Although city staff recommended adopting a number of minor changes to the city's municipal code dealing with landscaping in order to bring the code into compliance with new state law, the city council on Feb. 7 decided to postpone taking any action pending clarification of a number of concerns expressed by council members.
The most prominent concerns of the council were whether the proposed changes would conflict with the Moraga-Orinda Fire District Fire Code, whether sports fields and golf courses would be affected, and whether there would be clear guidance on acceptable plants that would meet the new requirements. Council Member Latika Malkani also had specific questions about climate adaptive plants, and focused on the competing needs of drought conditions and slope stabilization during heavy winter storms. Mayor Inga Miller suggested that perhaps these issues could be examined in a joint meeting with the MOFD, and City Manager David Biggs said that he had reached out to the fire chief to discuss the issues of acceptable plants and mulches.
The new law, the Short-Lived Climate Pollutants Reduction Act (SB 1383), according to the staff report, requires municipalities to adopt a local Water Efficient Landscape Ordinance (WELO) of their own or adopt the State's Model Ordinance to be implemented locally.

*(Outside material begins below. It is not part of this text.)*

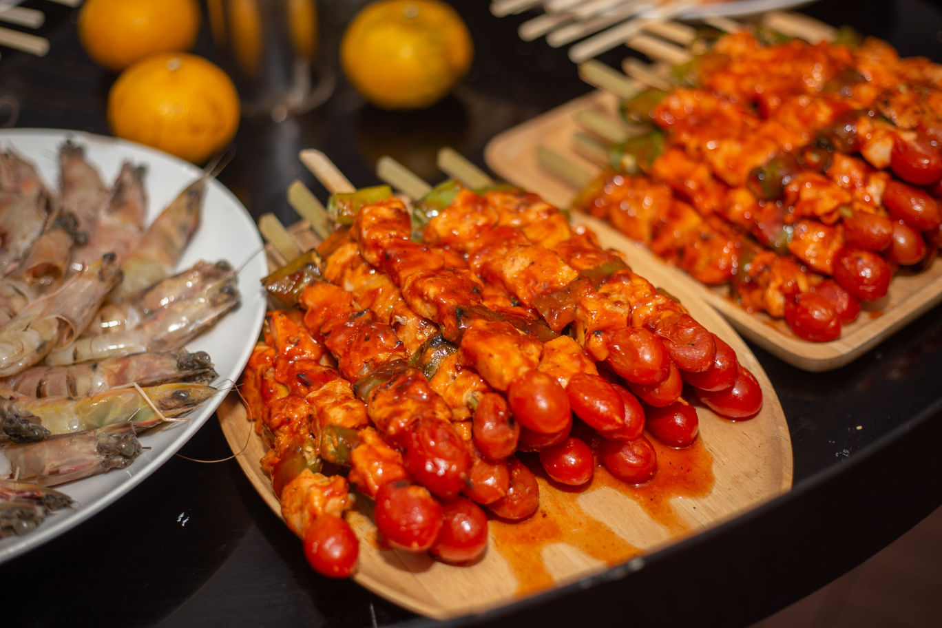 enjoy snacks, refreshments and then their choice of a delicious BBQ, Thai and Indian buffet

Staff suggested a number of minor changes that need to be made to Chapter 17.17 Landscaping of the Municipal Code that would bring the code into compliance with the new state requirements for water efficient landscaping. The Planning Commission, after holding a Public Hearing, also recommended the proposed amendments to the city council.
According to the staff report, the WELO requirements would apply to a number of projects, including new construction projects with a landscape area greater than 500 square feet and rehabilitated landscape projects with a landscape area greater than 2,500 square feet that requires a building permit, landscape permit, plan check, or design review. In addition, the requirements would apply to some extent to existing landscapes installed prior to December 2015, that are greater than 1 acre in size, to new cemeteries and existing cemeteries with water meters.

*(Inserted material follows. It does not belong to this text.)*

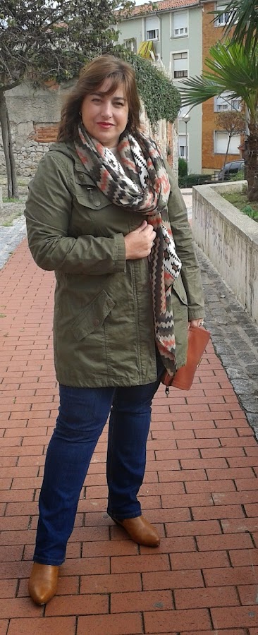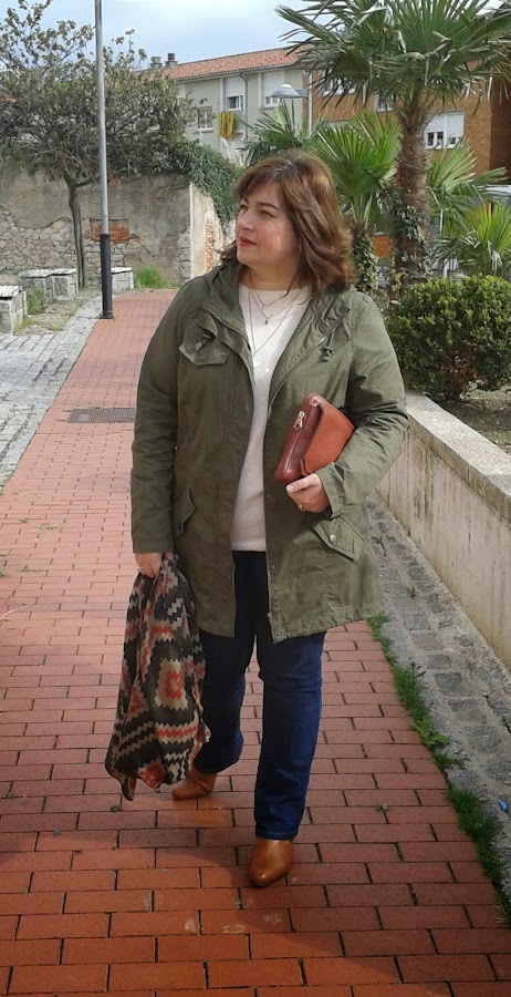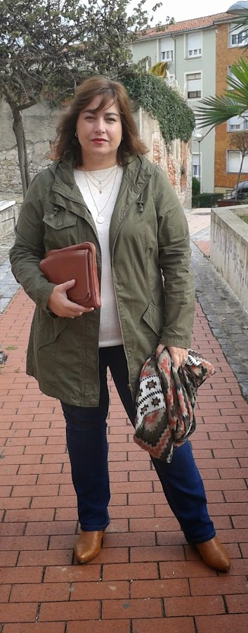 Cuando hablamos de los colores de la temporada vimos que el caqui era uno de los colores que más ibamos a encontrar en las tiendas, hoy voy a mostraros un look cuya prenda principal es una parka de color caqui.

Although Richard Smeaton, a consulting planner who was presenting the staff report because Planning Director Drummond Buckley was ill, said that there was a "carve out for sports fields and golf courses," the council was concerned about whether or not the requirements would apply to city parks and to golf courses.

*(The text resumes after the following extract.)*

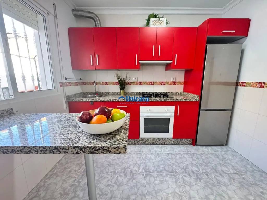 Luminoso piso en casa mata con gran terraza y solárium en Puerto de la Torre Se vende estupenda primera planta de casa mata con división horizontal, ubicada en una tranquila calle peatonal del corazón de Puerto de la Torre. A tan solo 5 minutos a pie de la avenida principal, esta vivienda combina comodidad, amplitud y una excelente ubicación. Con una superficie construida de 89 m2, el piso se distribuye en tres habitaciones (dos de ellas dobles), un baño completo con bañera, y una moderna cocina americana abierta al salón, ideal para disfrutar de un espacio amplio y luminoso. La vivienda destaca por su orientación sur, que garantiza una abundante luz natural durante todo el día. Además, cuenta con una agradable terraza de aproximadamente 15 m2 y un amplio solárium privado de unos 40 m2, perfecto para reuniones al aire libre, tomar el sol o relajarse. En el solárium se encuentra también una habitación adicional que ofrece múltiples usos: trastero, despacho, sala de juegos, etc. Una oportunidad única de vivir en una zona tranquila pero muy bien conectada, con todos los servicios a mano. En cumplimiento del decreto 218-2005, de 11 de octubre, por el que se aprueba el reglamento de información al consumidor en la compraventa y arrendamiento de viviendas en Andalucía, se informa al cliente que los gastos notariales, registrales, impuestos que le sean de aplicación (ITP ó IVA + AJD) y otros gastos inherentes a la compraventa no están incluidos en el precio. La información facilitada es orientativa, no tiene carácter vinculante y carece de valor contractual. Dicha información puede haber sufrido modificaciones que aún no han sido incorporadas. Le sugerimos se ponga en contacto con nosotros para obtener los últimos datos y/o confirmar los aquí expuestos. Los honorarios inmobiliarios SI están incluido en el precio.

Another area of concern is a requirement for residential areas that requires climate adapted plants that require occasional, little or no summer water to be installed for 75% of the plant area excluding edibles and areas using recycled water. Vice Mayor Darlene Gee wondered whether a state law requirement regarding the application of mulch would conflict with local fire code requirements.
Upon receiving advice from city attorney Osa Wolff about how best to proceed, the council decided to take no action at the time, but to renotice the item when it is ready to come back to the council, perhaps in April.